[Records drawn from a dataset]
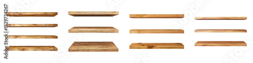 Collection of empty wooden shelves, isolated on a transparent background
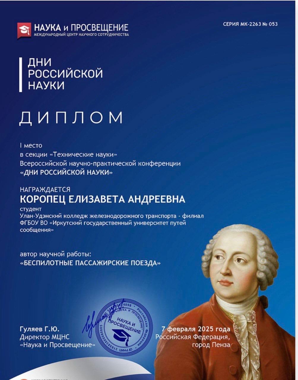 1 место Коропец Елизавета-«Беспилотные пассажирские поезда»
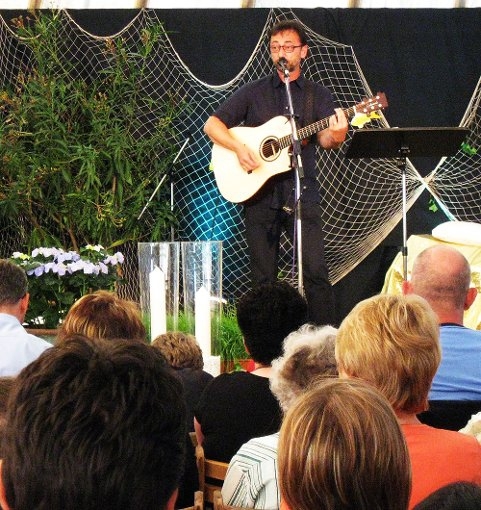 Im Vorprogramm wird für die Zuschauer das Märchen vom König und dem Narren inszeniert. Alle Menschen seien Geschöpfe Gottes, verkündet Prediger Scheufler aus Waldenburg in Sachsen. Doch erst, wenn sie Gott in ihr Leben hinein ließen, würden sie zu „Kindern Gottes“. „Licht, Luft, Wasser und Wärme braucht der Mensch. Er wächst blüht und gedeiht aber nur durch die Liebe“, singt der Evangelist – und der Musiker Scheufler schafft es dabei, gleichzeitig Gitarre und Mundharmonika zu spielen und hin und wieder zwischen den Liedern einen Witz und eindrückliche Worte einzustreuen. Zum Thema des Abends „Gott will alle, trotz Reisen ohne Ziel“ merkt Scheufler an, dass ihn der Spruch „Der Weg ist das Ziel“ nicht überzeugt. Es müsse einen Halt- und Orientierungspunkt geben, der über die alltäglichen Belanglosigkeiten hinausgehe. Sonst laufe der Mensch Gefahr, nur „zu suchen und nichts zu finden“.
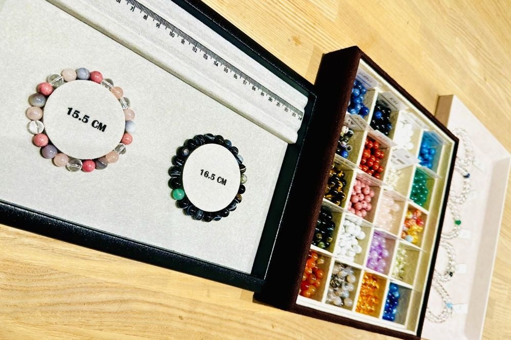 二十数種類ある丸玉から好きな石を選び、シリコン製のゴムに通してブレスレットを製作します。(所要時間30分)
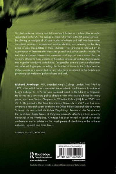 This text makes a primary and informed contribution to a subject that is under-researched in the UK - the suicide of those who work in the UK police service - by offering an analysis of UK case studies of officers and staff who have either completed suicide or experienced suicide ideation, and referring to the likely prime suicide precipitators in these situations. This analysis is followed by an examination of literature that discusses general and police-specific suicide. The text then examines intervention measures and support mechanisms that are currently offered to those working in the police service, as well as other measures that might be introduced in the future. Designed for criminal justice professionals and affected laypeople, including the families of those in the police service, Police Suicide is a crucial text for any who have an interest in the holistic and psychological welfare of police officers and staff.
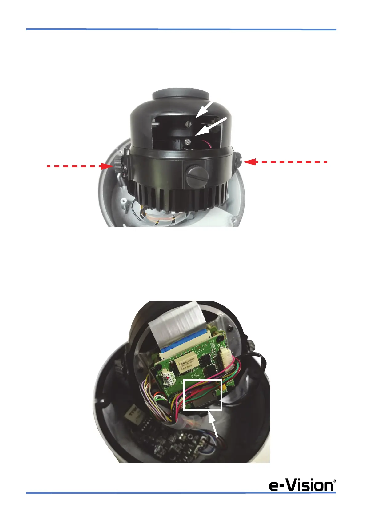 Allentare le viti di fissaggio indicate dalle frecce tratteggiate nell’immagine dello step 2 e inclinare il corpo della telecamera

PROBLEM STATEMENT
Each line from the start of the entries to the line holding "1 место Коропец" is to be given again exactly, both ends included, and each picture is to be left out.

OUTPUT FOR THIS TASK
 Collection of empty wooden shelves, isolated on a transparent background
 1 место Коропец Елизавета-«Беспилотные пассажирские поезда»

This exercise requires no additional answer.